> [What to work on]: Starting with the line that has "Già oggi, il" and finishing with the line that has "Podziękowania dla Koła Gospodyń Wiejskich.", set down each line below exactly. Pictures are not copied.

+++ Dataset content

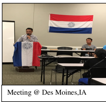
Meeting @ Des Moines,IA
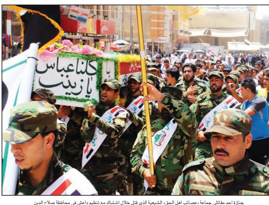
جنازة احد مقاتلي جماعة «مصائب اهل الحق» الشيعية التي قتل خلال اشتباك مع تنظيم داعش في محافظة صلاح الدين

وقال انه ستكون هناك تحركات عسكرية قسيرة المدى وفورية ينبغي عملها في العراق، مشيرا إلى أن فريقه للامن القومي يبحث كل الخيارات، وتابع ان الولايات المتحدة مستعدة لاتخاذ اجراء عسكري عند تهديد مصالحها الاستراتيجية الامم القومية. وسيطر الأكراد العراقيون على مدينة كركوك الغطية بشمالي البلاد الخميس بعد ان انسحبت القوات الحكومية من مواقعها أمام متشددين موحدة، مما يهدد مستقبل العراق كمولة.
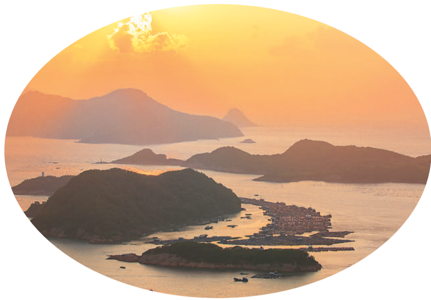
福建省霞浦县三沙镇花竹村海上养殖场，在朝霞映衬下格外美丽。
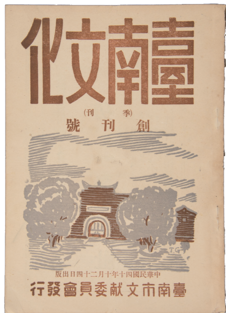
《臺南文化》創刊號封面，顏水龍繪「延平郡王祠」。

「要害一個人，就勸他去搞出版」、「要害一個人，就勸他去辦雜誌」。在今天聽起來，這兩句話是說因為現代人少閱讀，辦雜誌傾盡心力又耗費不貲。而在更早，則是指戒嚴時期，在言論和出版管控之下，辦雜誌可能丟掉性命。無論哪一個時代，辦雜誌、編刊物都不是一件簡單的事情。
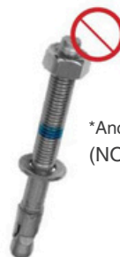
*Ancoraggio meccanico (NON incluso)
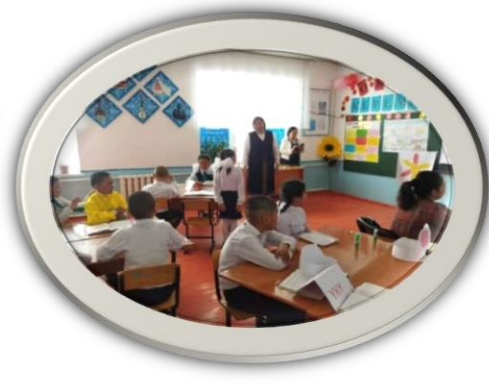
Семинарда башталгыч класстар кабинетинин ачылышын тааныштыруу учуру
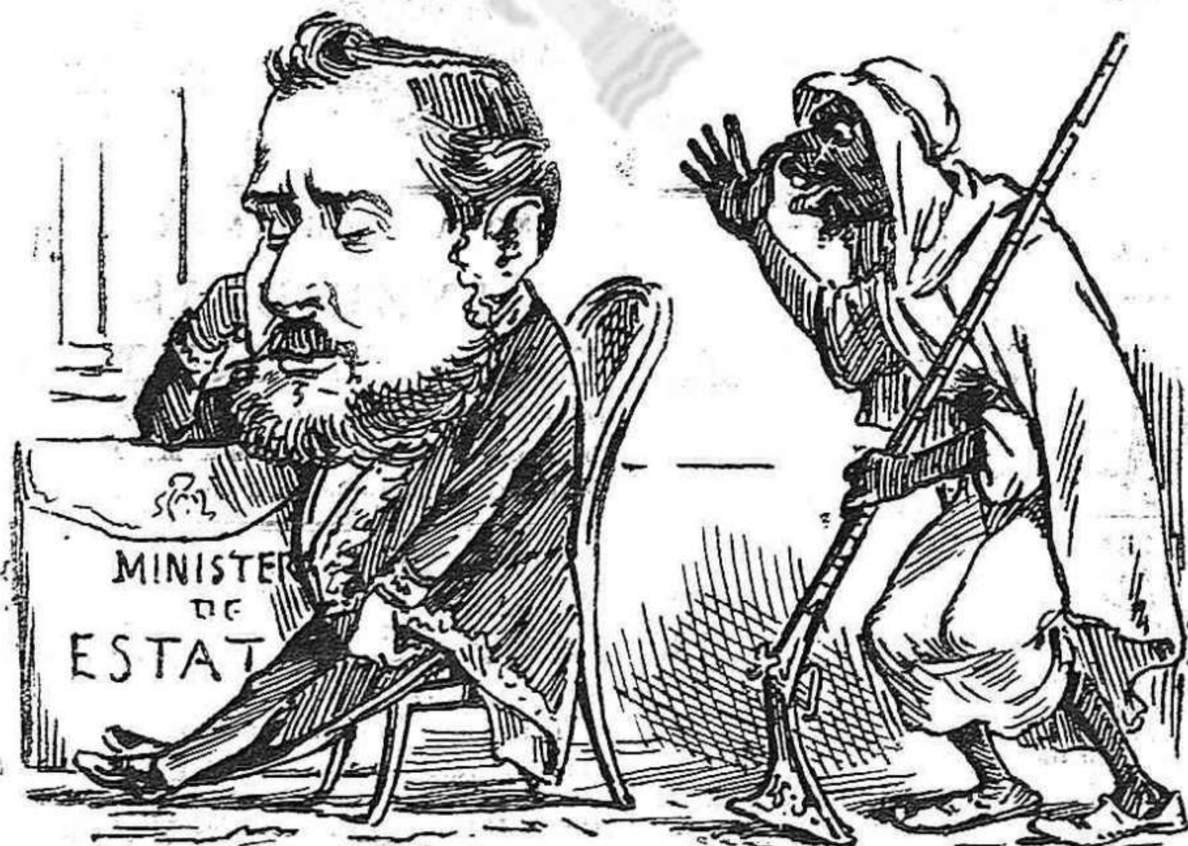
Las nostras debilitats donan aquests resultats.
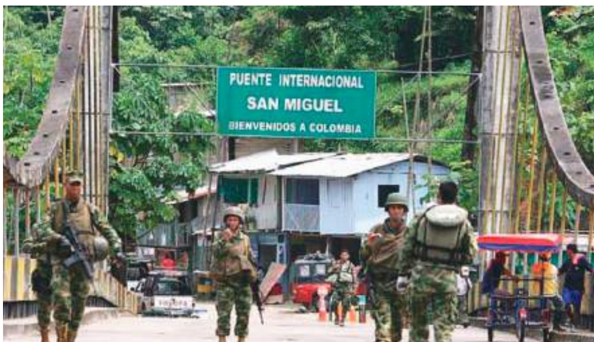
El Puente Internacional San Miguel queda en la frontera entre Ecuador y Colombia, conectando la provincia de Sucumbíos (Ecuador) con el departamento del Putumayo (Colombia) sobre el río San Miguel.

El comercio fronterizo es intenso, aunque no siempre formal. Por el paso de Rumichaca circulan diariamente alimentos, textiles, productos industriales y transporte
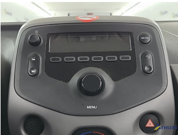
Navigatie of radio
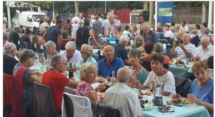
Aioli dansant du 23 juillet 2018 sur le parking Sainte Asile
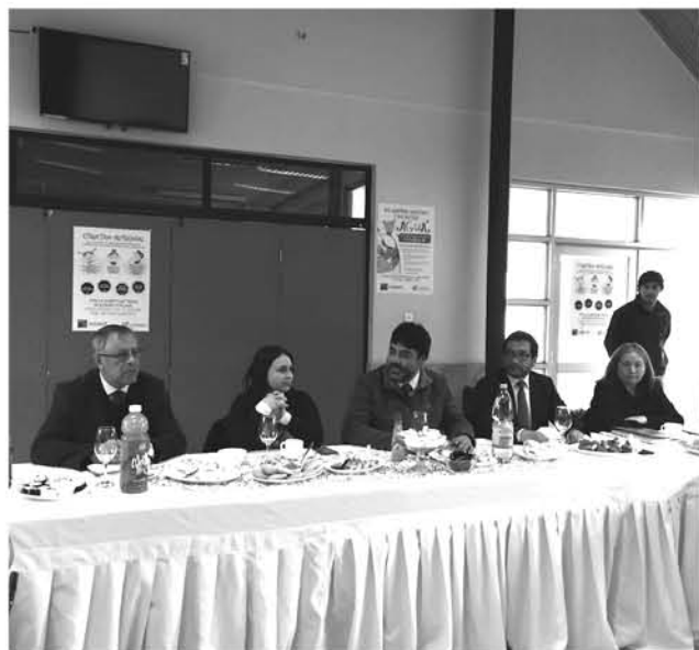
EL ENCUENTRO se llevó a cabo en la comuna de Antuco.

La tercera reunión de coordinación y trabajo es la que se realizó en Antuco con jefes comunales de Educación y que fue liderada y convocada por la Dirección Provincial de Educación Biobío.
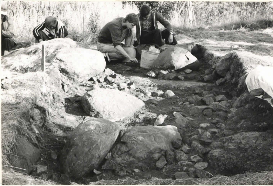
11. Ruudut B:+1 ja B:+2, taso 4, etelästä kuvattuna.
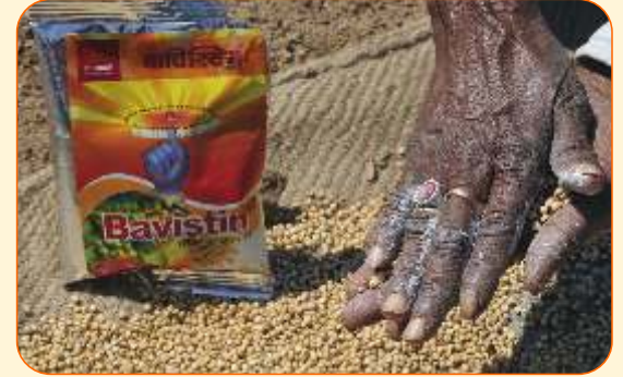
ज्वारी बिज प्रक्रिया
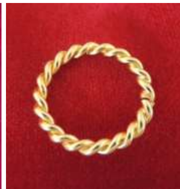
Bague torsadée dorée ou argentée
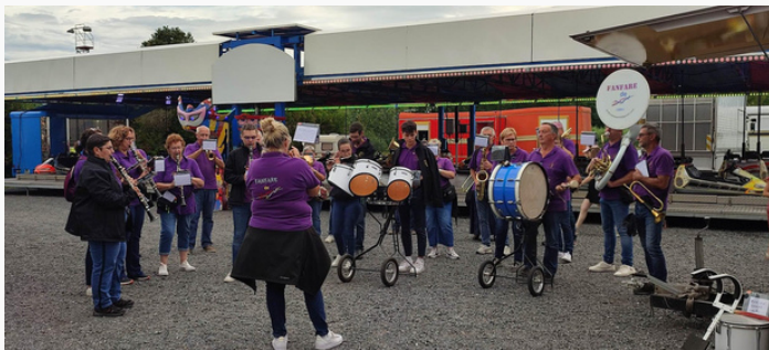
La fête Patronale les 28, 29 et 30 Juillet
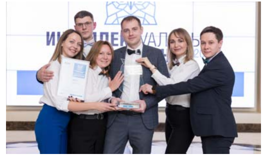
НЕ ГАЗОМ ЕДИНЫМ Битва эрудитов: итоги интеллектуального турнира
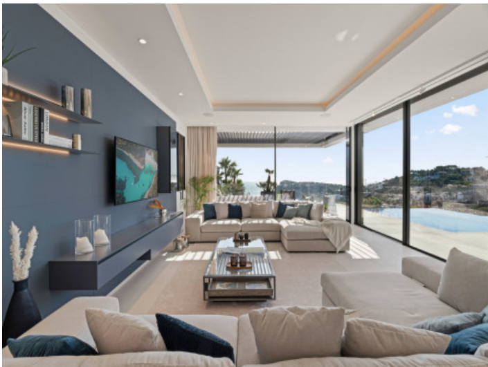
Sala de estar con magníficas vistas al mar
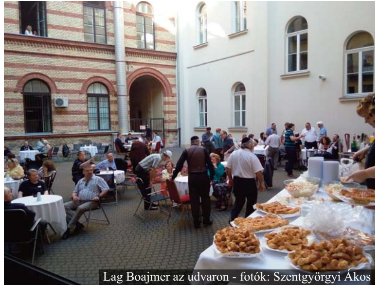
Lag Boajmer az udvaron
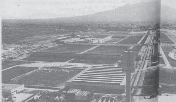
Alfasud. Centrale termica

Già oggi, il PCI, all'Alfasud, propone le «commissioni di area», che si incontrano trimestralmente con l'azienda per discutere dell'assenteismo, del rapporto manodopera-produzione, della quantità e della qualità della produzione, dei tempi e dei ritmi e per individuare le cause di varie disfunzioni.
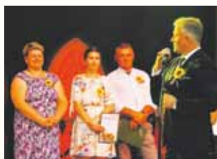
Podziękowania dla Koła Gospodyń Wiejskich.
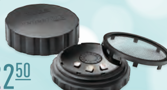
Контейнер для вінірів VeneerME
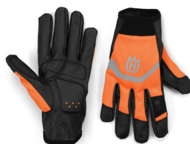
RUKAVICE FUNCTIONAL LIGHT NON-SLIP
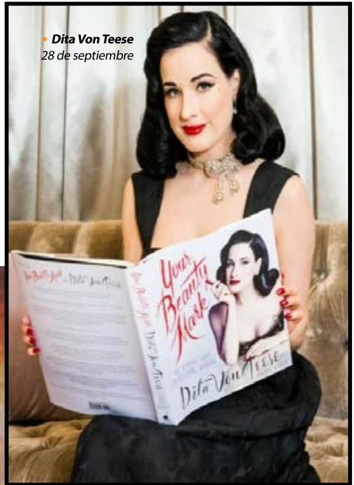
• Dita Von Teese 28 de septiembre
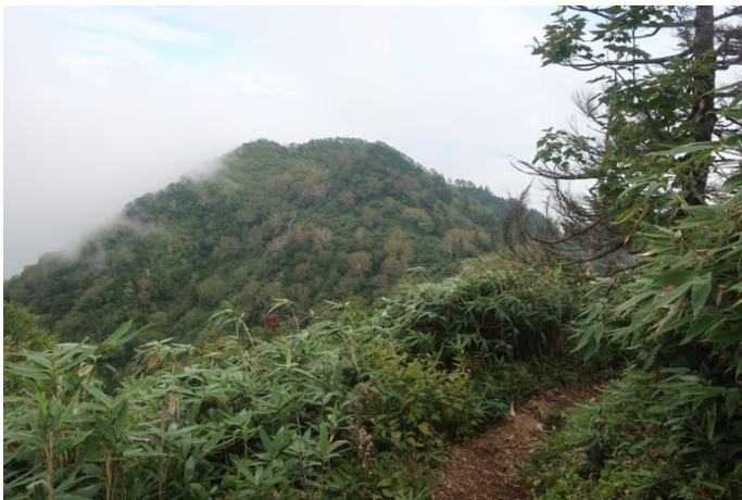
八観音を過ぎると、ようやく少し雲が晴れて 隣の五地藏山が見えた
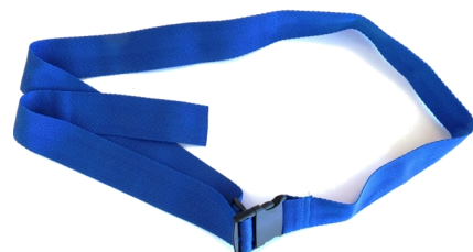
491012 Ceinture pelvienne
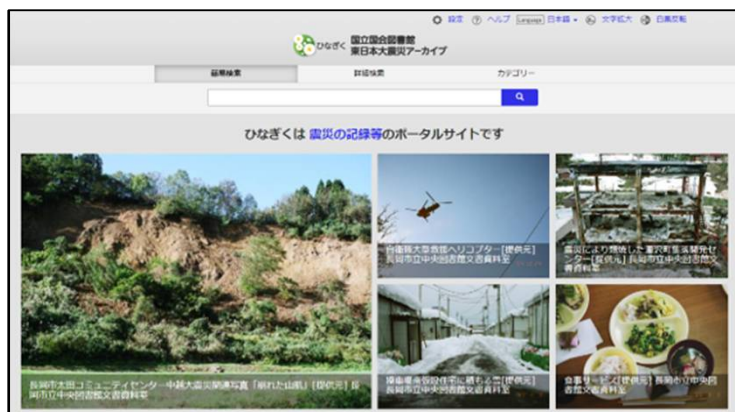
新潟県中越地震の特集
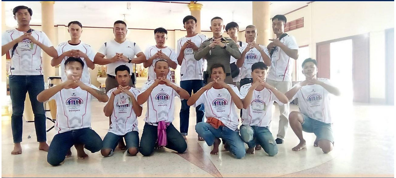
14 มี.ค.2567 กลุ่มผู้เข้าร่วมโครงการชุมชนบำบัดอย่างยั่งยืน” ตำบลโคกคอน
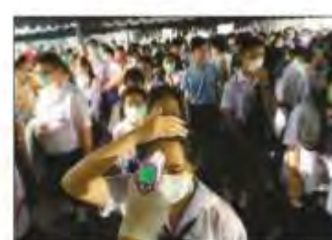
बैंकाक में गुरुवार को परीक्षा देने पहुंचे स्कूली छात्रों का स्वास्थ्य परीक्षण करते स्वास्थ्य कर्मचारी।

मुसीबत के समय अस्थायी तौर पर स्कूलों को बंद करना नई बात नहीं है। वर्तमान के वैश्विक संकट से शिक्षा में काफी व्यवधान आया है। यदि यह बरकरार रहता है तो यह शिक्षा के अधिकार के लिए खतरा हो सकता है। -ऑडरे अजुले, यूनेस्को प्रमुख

++++++

> [Reply to the task]:
Già oggi, il PCI, all'Alfasud, propone le «commissioni di area», che si incontrano trimestralmente con l'azienda per discutere dell'assenteismo, del rapporto manodopera-produzione, della quantità e della qualità della produzione, dei tempi e dei ritmi e per individuare le cause di varie disfunzioni.
Podziękowania dla Koła Gospodyń Wiejskich.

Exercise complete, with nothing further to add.